Who am I kidding — despite my numerous attempts, our book club has discontinued. You are still the only exceptional best friend to have embarked on doing extra work for fun. To think back to our nerdy days of “essay-racing” because we both i) had too many essay assignments ii) needed the motivation and iii) had fun writing counter-arguments to each other. I tried to do a few on my own, but I realized that it really wasn’t about the book or recording whatever profound thoughts. The reason our 2-person book club was awesome is because we’d live message on a shared google doc, comment over each other, be expressively indignant or shocked or otherwise too emotionally reactive to passages in the book and share real-time exchanges as we read. And that was what made it the best book club.
I continued attempts to embody what we started, and sometimes I do happen upon books that would have made the cut into our book club. Such as, The Goldfinch. There’s a long-winded backstory to this, which I’m sure I shared with you when I originally attempted to read it. Anyways, five years later, I am pleased to tell you I finally read it! There’s some irony with having read it now instead of years before. Expecting to read just another book, I was taken by surprise at how this book conveyed passages of grief in such accurate ways for how I had felt. So rather than following our usual format, I just wanted to reflect on these specific ones, which I think you would empathize with.
“I hadn’t been at school since the day before my mother died and as long as I stayed away her death seemed unofficial somehow…But once I went back it would be a public fact. Worse: the thought of returning to any kind of normal routine seemed disloyal, wrong… Every new event — everything I did for the rest of my life — would only separate us more and more: days she was no longer a part of, an ever-growing distance between us. Every single day for the rest of my life, she would only be further away.” (89)
I held on as long as I could and in many ways I still do. The first time I reverted back to “doing something normal” such as meet a friend, go out to dinner, anything that was beyond the robotic movements of going to and from work, I dreaded it. Each activity was one you will never have or one I will never share. The months of this cycle was like a long blackout. Anything more felt surreal. And I couldn’t accept this to be the reality of moving forward.

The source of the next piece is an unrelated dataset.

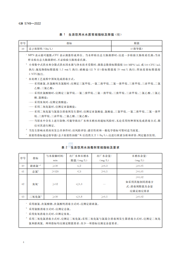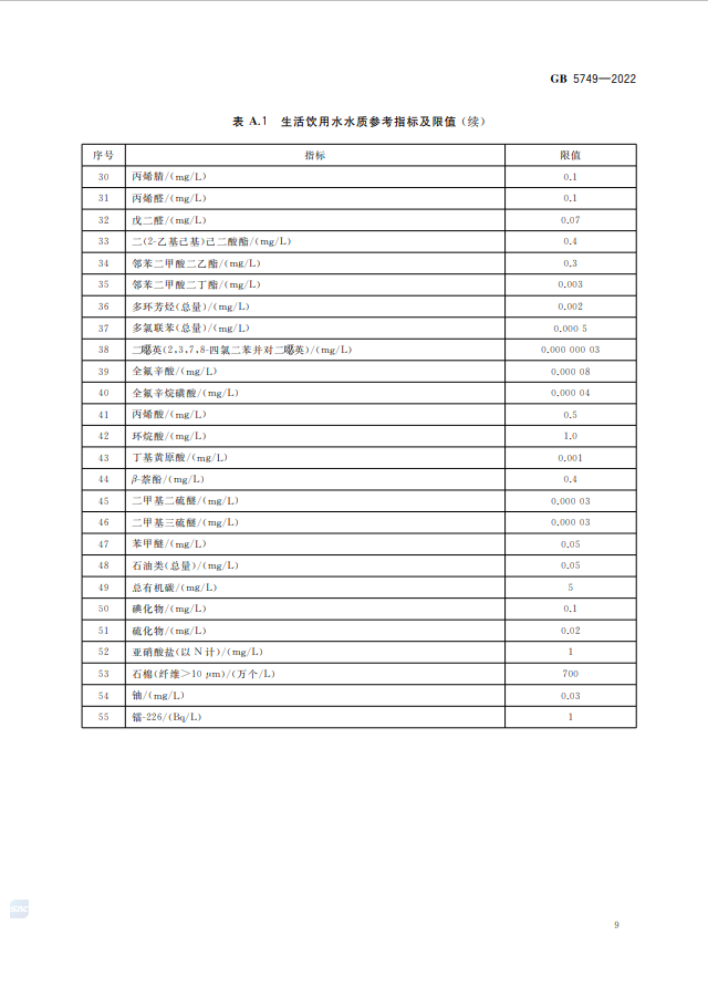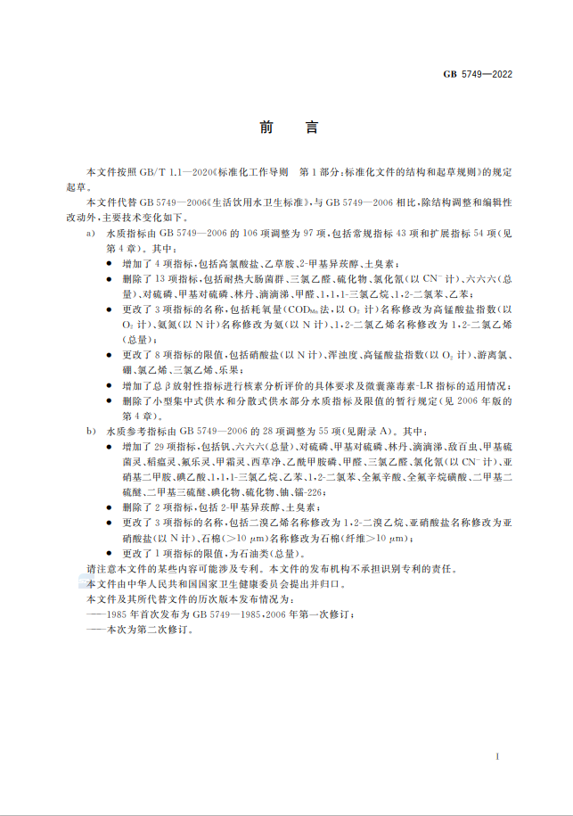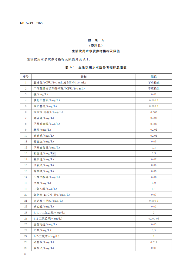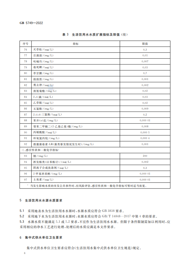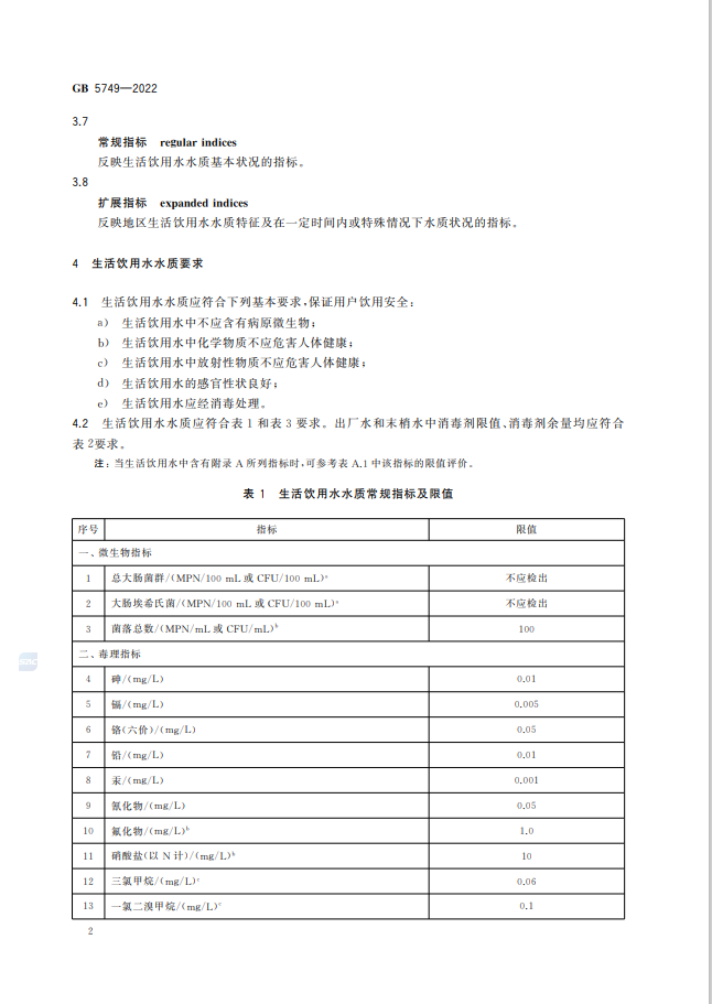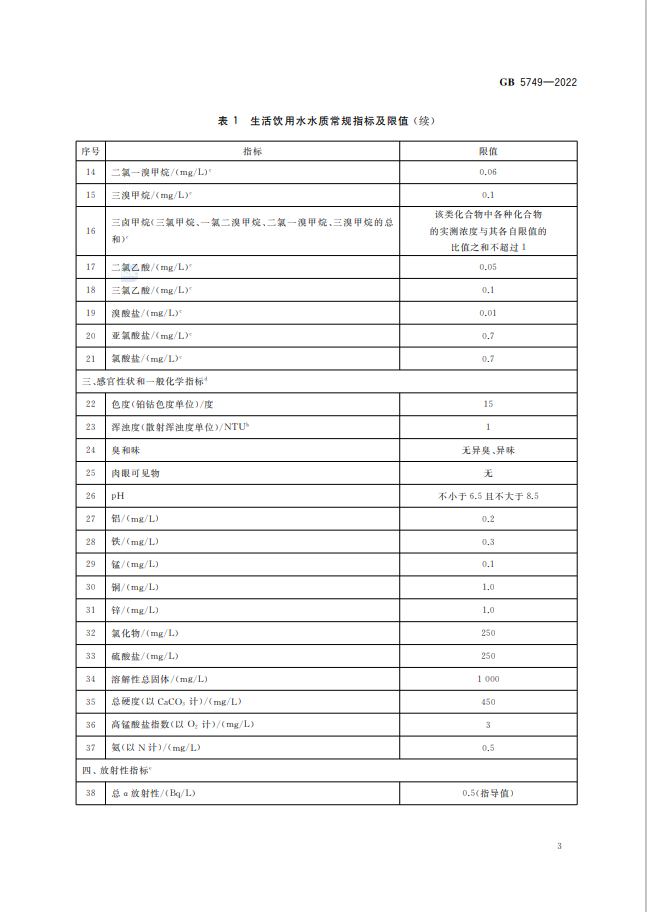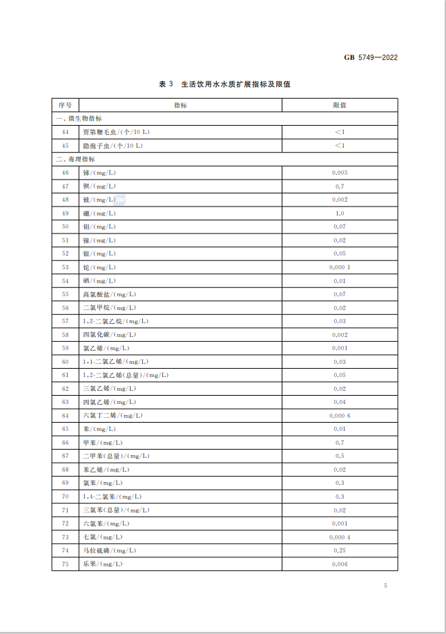 生活飲用水衛生標準的修訂是一項持續進行的工作,為了適應科技發展和保障公眾健康,標準的修訂可能會涉及多個方面的變化,例如更新的水質參考指標、新的水污染物的納入以及更加嚴格的健康限值等 。生活飲用水衛生標準GB5749-2022代替GB5749-2006,究竟改了什么? 1、水質指標變化 水質指標由GB5749-2006的106項調整為97項,包括常規指標43項和擴展指標 54 項。其中,增加了高氯酸鹽、乙草胺、2-甲基異莰醇和土臭素4項指標;刪除了耐熱大腸菌群、三氯乙醛、硫化物、氯化氰(以CN-計)、六六六(總量)、對硫磷、甲基對硫磷、林丹、滴滴涕、甲醛、1,1,1- 三氯乙烷、1,2-二氯苯和乙苯13項指標。 2、水質指標名稱變化 耗氧量(CODMn法,以O2計)名稱修改為高錳酸鹽指數(以O2計);氨氮(以N計)名稱修改為氨(以N計);1,2-二氯乙烯名稱修改為1,2-二氯乙烯(總量)。 3、水質指標限值變化 修改了硝酸鹽(以N計)、渾濁度、高錳酸鹽指數(以O2計)、游離氯、硼、氯乙烯、三氯乙烯、樂果8項指標限值。 免責聲明:本網站標準資料僅供參考,使用標準請以正式出版的標準版本為準。 生活飲用水衛生標準GB5749-2022全文如下:

“Better wasn’t even the word for how I felt. There wasn’t a word for it. It was more that things too small to mention — laughter in the hall at school, a live gecko scurrying in a tank in the science lab — made me feel happy one moment and the next like crying.” (148)
Here, I can thank you for providing all the teardrops that kept my skin clear.
“In New York, everything reminded me of my mother — every taxi, every street corner, every cloud that passed over the sun — but out in this hot mineral emptiness, it was as if she had never existed.” (221)
Everywhere. Everywhere we have ever been together, anything we had ever eaten together, every song we ever listened to together. Everything we should have done together or gone to see, it wasn’t just a reminder of your past presence, but also all reminders of your absence. I hang out with 2 college friends for a day, and it just felt so insane that you weren’t with us. How could that be? It’s a trigger that will never go away, no matter where I go or who I hide from. And now, when the reminders come, I try to grasp them and create a record to I never forget.
“…until the moment before, it had seemed so solid, so immutable, the whole social system of the building, a nexus where I could always stop in and see people, say hello, find out what was going on. People who had known my mother.” (427)
Why do I have to meet people who don’t know you? To your dismay, but probably not surprise, I’m not sure I’ve met a new close friend even now who doesn’t know you. Maybe this is part of it; how can I swallow being friends with someone who will never meet my best friend? There are acquaintances who I don’t mention you because naturally, I’m socially awkward enough that adding in how they’re now meeting someone trying to redefine herself without a best friend would not help my cause. But stories of various adventures together still get told “that time I went to Cambodia… oh I used to visit St A&J too…” yet they have no real frame of reference for who you were. The first stranger I told about you actually felt cathartic because he just listened (he’s a doctor [but no, not a psychiatrist ha] and dealt with death firsthand often, so it felt less morbid to tell him about the experience). But it was also difficult, trying to convey to someone who’s never met you, what our friendship was like, how funny you were, how silly our inside jokes could be. They will never know. And, as time goes on, that ratio will inevitably tip as more who didn’t know you outnumber those who did. This is a terrible reality I’m still not ready to accept either.
“long, obsessive, homesick letters which have the tone of being written to a mother alive and anxiously waiting for news of me” (763)
Not quite like this, but I do carry on a one-sided messenger conversation with you so you stay updated on my life because despite all the exciting and fun stuff you’re doing up in the fluffy clouds or where ever, surely you must still care about those you left behind on Earth. I imagine your retorts and reactions. And every time, I still hope that the double check-marks will appear to indicate that you’ve read it. Today, today is the day you will respond. Like you’ve just been on a long trip without internet access.
“That life — whatever else it is — is short. That fate is cruel but maybe not random.” (771)
I wasn’t a fan of this ending, but I can only believe it’s a true statement sometimes. Because if I’d read the book five years ago as I was supposed to, none of its grief would have resonated with me. If I’d read it five years ago, we didn’t even have a book club yet. I miss you every day.